Множество каменных надгробий, стоявших ровными рядами среди пожелтевшей травы. Я даже примерно не могла сказать, сколько их здесь. Тысячи? Десятки тысяч? Куда ни глянь, одни ряды могил, и из-за высокой травы я не могла точно сказать, где это кладбище заканчивалось. Было видно, что этим кладбищем не раз пользовались даже после войны. Мгновение поколебавшись, я медленно пошла через него. Имя. Раса. Дата рождения и смерти. Гравюра с изображением кьютимарки. Короткая эпитафия на каменном надгробии: «Любящий отец», «Заботливая мать», «Самый лучший сукин сын», «Верный друг».
Никогда раньше не видела ничего подобного вживую. Нет, я не о смерти. Скелетов в Пустоши я видела более чем достаточно. Но только когда у скелетов появились имена, мне стало не всё равно. Для меня эти мертвецы стали значимы.
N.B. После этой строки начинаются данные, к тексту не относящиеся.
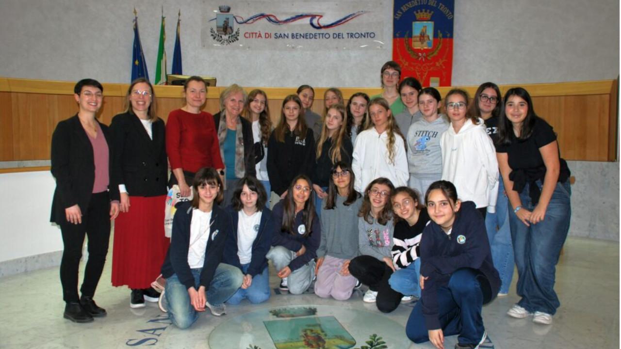 Il Commissario straordinario del Comune di San Benedetto del Tronto Rita Stentella ha accolto in sala consiliare, nel pomeriggio di mercoledì 11 marzo, alunne e docenti di scuola secondaria dei plessi “Sacconi” e “Manzoni” dell’ISC Nord insieme alle loro ospiti, 10 alunne e 2 docenti provenienti dalla città di Zabrze in Polonia, a San Benedetto per una settimana nell’ambito del progetto Erasmus+. Le alunne, che alloggiano presso le abitazioni di coetanee sambenedettesi, frequentano le lezioni in orario antimeridiano e svolgono attività culturali nel pomeriggio, per lo più inerenti alla tematica della sostenibilità ambientale. Le iniziative sono attuate con la collaborazione di associazioni collegate al programma Eco -schools, ma sono anche mirate alla conoscenza delle bellezze del territorio. Nel dare loro il benvenuto in città, la dr.ssa Stentella ha descritto brevemente le caratteristiche di San Benedetto e ha consegnato loro un piccolo ricordo della visita invitando le ragazze polacche a tornare a visitare San Benedetto durante la bella stagione insieme alle loro famiglie. Il progetto avrà uno sviluppo nel mese di maggio, quando otto alunni dell’ISC Nord saranno a loro volta ospitati in Polonia mentre altri dieci partiranno alla volta di Dobje in Slovenia, sempre grazie ai fondi garantiti dall’accreditamento Erasmus+ che permettono, oltre alla mobilità degli alunni, quella dei docenti che svolgono corsi di formazione all’estero e attività di job shadowing in altre scuole dell’Unione Europea.
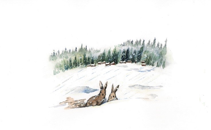 畫中還有兩個(gè)我必須提到的意象。第一個(gè)是 “提水站”,東北田地里最常見的小型建筑。東北的春天雨水不多,在田地里建個(gè)提水站為了方便灌溉。這種實(shí)用的小建筑通常是紅紅的房頂、白白的墻體。當(dāng)田野慢慢變綠,一排一排的“紅房頂”無(wú)疑是春天里最亮眼的顏色。有一幅畫中出現(xiàn)了“紅房頂”,細(xì)心的讀者一定能發(fā)現(xiàn)。另一個(gè)是“冬天”。任何地方的冬天都取代不了東北的冬天。作為東北人,對(duì)冬天的情感是熟悉且自豪,寒冷又溫暖。其中的“霧天”是我個(gè)人最喜歡的一幅。野兔兄弟出逃,在霧天走丟。當(dāng)霧終于散開,緊張又向往的心情浮現(xiàn)在兩只野兔的臉上——它們的背后是陌生的村莊,雪地很涼,村莊很暖,村莊后是一大片茂密的松樹。幾年前的初冬,我去過(guò)大興安嶺,置身松林的體驗(yàn)為我創(chuàng)作這幅畫提供了很多靈感。當(dāng)時(shí)我穿越大興安嶺,茂密的松林向后移動(dòng),車窗外的雪花簌簌地往后飛。降雪讓地面變滑,松林被風(fēng)吹得嘩嘩響,令我緊張又向往。
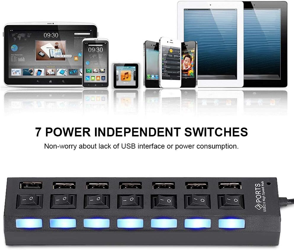 This USB hub is a game-changer for my workspace! The 7 ports with individual on/off switches make it super convenient to manage multiple devices without unplugging. The high-speed data transfer works flawlessly, and the sturdy build feels durable. Perfect for expanding connectivity on my laptop—no more struggling with limited USB slots. The included AC adapter ensures stable power, though it’s only for data, not charging. Works great across different OS versions. A must-have for anyone needing extra USB ports!
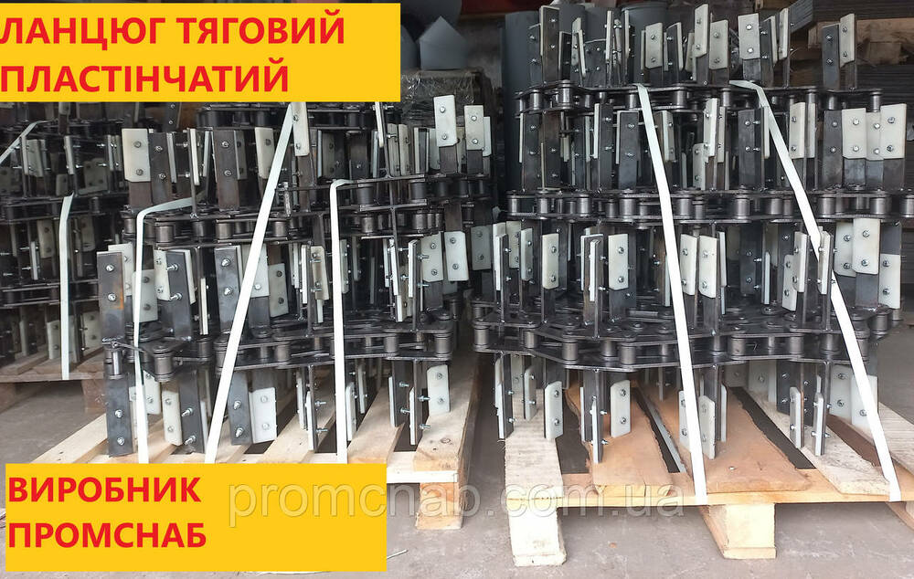 ЧП Промснаб производит цепи для скребковых транспортеров: УТФ-200, УТФ-320, УТФ-500; Цепи КПС-200, КПС-320, КПС-400,  и др. Цепи тяговые пластинчатые М-112-2-100 и др.  Ролики поддреживающие для скребковго конвеера. Колена квадратные СК 200х200, 220х220, 300х300 и другие. Сектора круглые ф150мм, 200мм, 250мм, 220, 300мм, 350мм, 400мм и другие. Вводы одинарные СВО, вводы симетричные СВС, вводы тройные СВД диаметр 200мм, 250мм, 300мм, 350мм, 400мм, 500мм -27град, 36град, 45град, 54град.Трубы самотечные (зернопроводы) ф 200мм, ф220мм, ф 300мм, ф 350мм, фланцы ф300 уг 40, ф220мм, ф200мм, ф300мм в наличии и под заказ любой длины, с фланцами и без фланцев, металл:2мм, 3мм, 4мм; в наличии задвижки 300х300, задвижки реечные с ручным приводом 200х200, 300х300, 400х400, 450х450 и с електроприводом, клапана перекидные, фланцы для зернопроводов любого диаметра, ф 200мм, ф220мм, ф300мм, ф350мм, ф400мм – уголок 25-й, 32-й, 40-й.
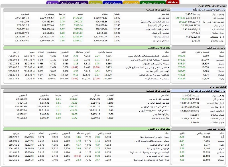 شاخص کل فرابورس نیز امروز با ۱۵۱ واحد افزایش به عدد ۲۴ هزار ۷۲۱ واحد رسید.
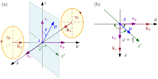 For purely circularly polarized beams, we have , and according to the Figure 1, the polarization vectors can be written as combinations of unit Cartesian basis vectors:
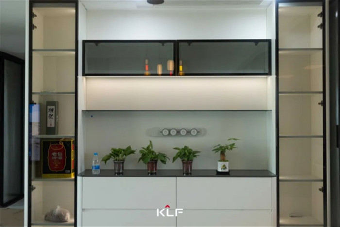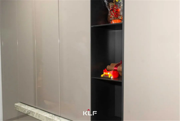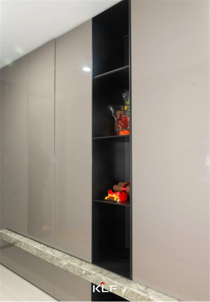 折射着莹润光芒的水漆门板搭配埋没式拉手和内嵌把手,表面繁复大气,于适用内核中付与空间怪异的型格。
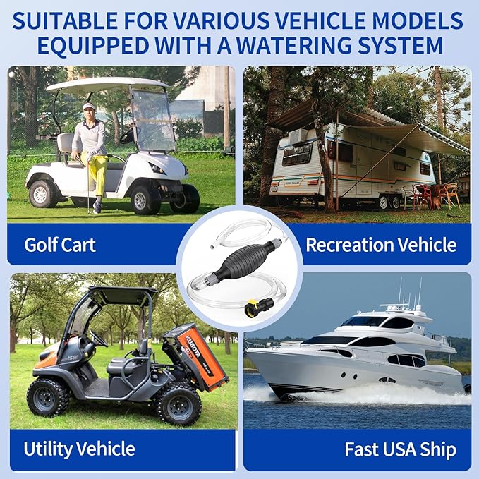 - Easy To Use: This golf cart battery watering system helps you manually add water to batteries easily, even in hard to reach places. The bulb will become firm and not allow to add more water when all batteries are filled, reduce over or underfilling risk
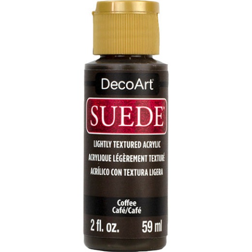 About DecoArt Suede -DecoArt Suede adds the rich, indulgent look of brushed suede to craft projects. This lightly-textured acrylic easily transforms your project with subtle dimension that instantly summons memories of these velvety, warm textures.DecoArt Suede Varnish adds a clear, velvety-matte finish to any DecoArt Suede project. This durable topcoat fuses with the paint to provide a strong layer of protection against daily use. Fully cured in 7-10 days. Water-based. Permanent. Soap and water clean-up.
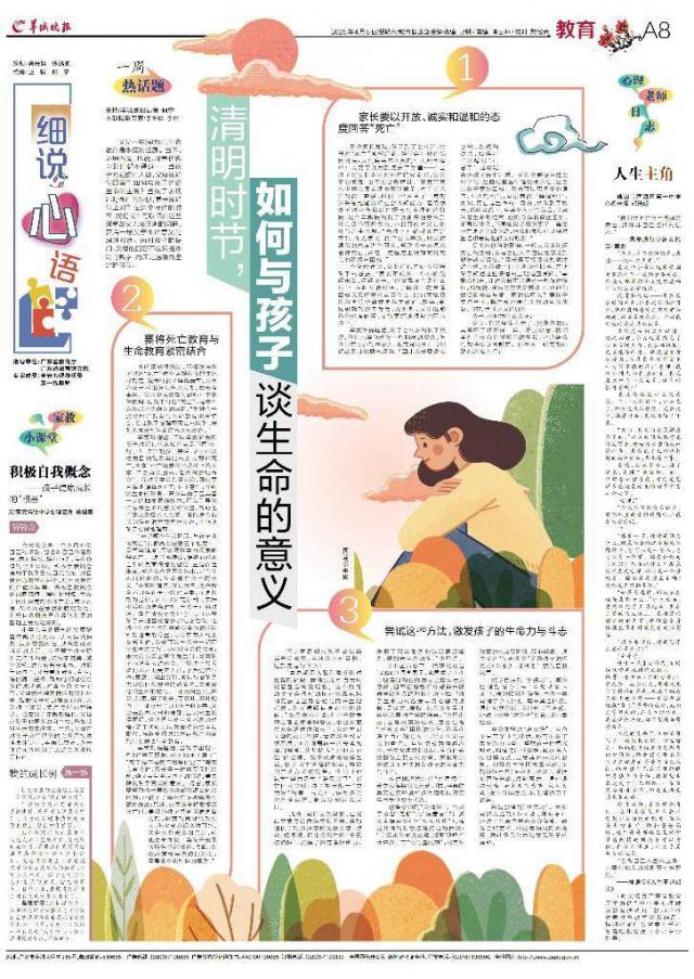 “无论什么年龄,和孩子讨论死亡都要注意三个维度:一是从客观科学的角度解释事实层面的死亡;第二,在情感层面,接受面对死亡时的负面情绪和感受;第三,价值维度,无论生命是否会结束,无论死亡何时到来,生命都有自己的意义。“李繁玲强调,死亡教育和生命教育不仅存在于一次谈话中,也存在于一个长期的过程中。父母可以充分利用现实生活中的适当时机,与孩子开始对话。比如在清明节等纪念日,可以带孩子去扫墓或者参加庆祝活动,让孩子在这个过程中感受到生命的轮回和对逝者的尊重;当你身边有亲人或朋友去世时,父母可以和孩子一起回忆逝者的美好,表达对生命的敬畏;当发生重大公共安全事件时,可以向孩子强调生命的珍贵,教会他们思考如何帮助受灾群体,学会关爱生命;当家庭一起旅行时,我们可以带孩子观察大自然中的动植物,感受他们生活的变化。一棵大树生长、盛开、结果。秋天,枯叶相当于死亡的一部分。然而,当落叶落下时,它会滋润树根,使树长得更好。这是一个无尽的生命过程;父母和孩子可以一起看相关的绘本和电影,在渗透生命教育的同时和孩子讨论绘本或电影内容。
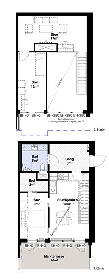3-roms leilighet over 2 plan med bl.a. allrom/kjøkken og egen stuedel. Sydvendt markterrasse på 14 kvm.
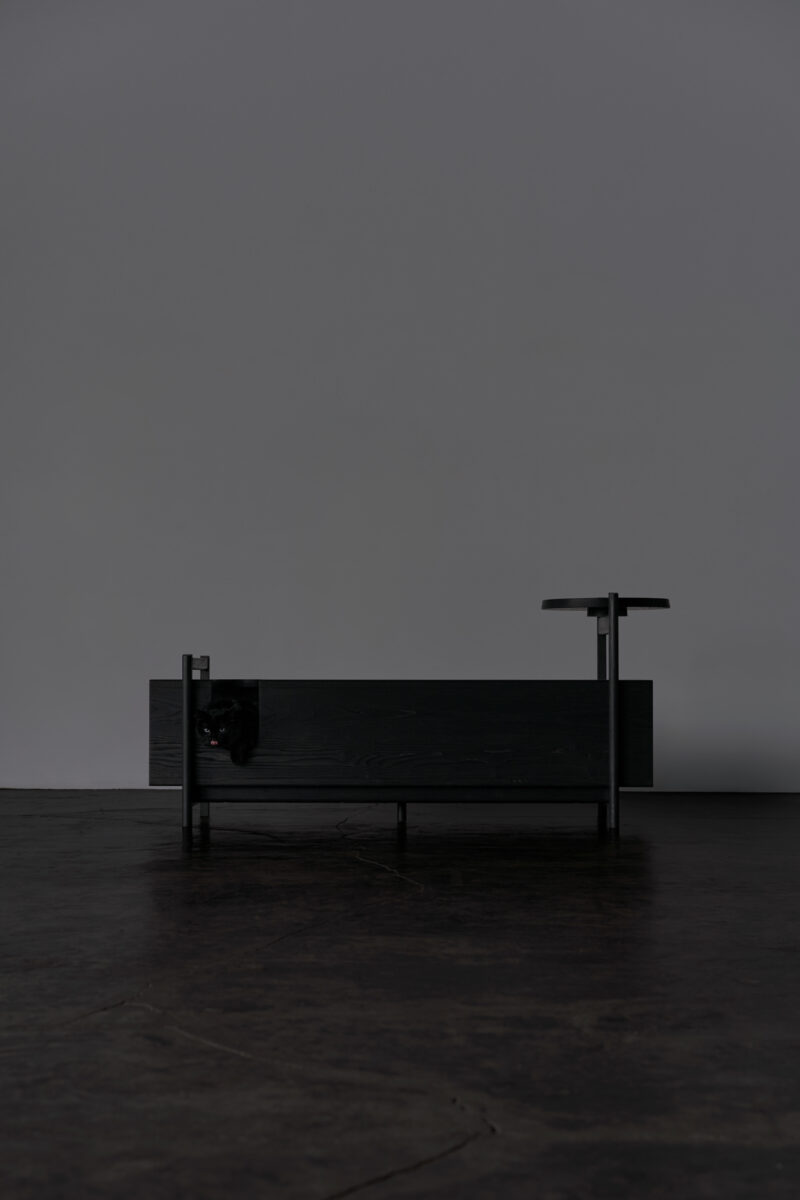 デザイナー自身とともに暮らす、一匹の黒猫 (保護猫)「ジェス」の為に生まれ、「猫目線 / 人目線」を核にデザインされたユニークなプロダクトを、会場でぜひご覧ください。

В Стойле Девять Девять, когда ты умираешь, то практически исчезаешь без следа, как будто тебя и не было никогда. Смерть лишь раздражала жителей Стойла, потому что им приходилось заниматься размножением и обучать тех, кто заменит умерших. А трупы скидывались в машины для переработки отходов, вместе с остальным органическим мусором Стойла. Утилизировались. Перерабатывались. Смешивались с водорослями, грибами, дрожжами и подавались на стол пони-пекарями в виде чипсов и переработанной еды. Технически это не было каннибализмом; не было никаких остатков пони в твоей еде. И я не ела ногу Дакт Тейп. Так все и было: ты живешь в Девять Девять, а потом исчезаешь. «Просто не думай об этом.»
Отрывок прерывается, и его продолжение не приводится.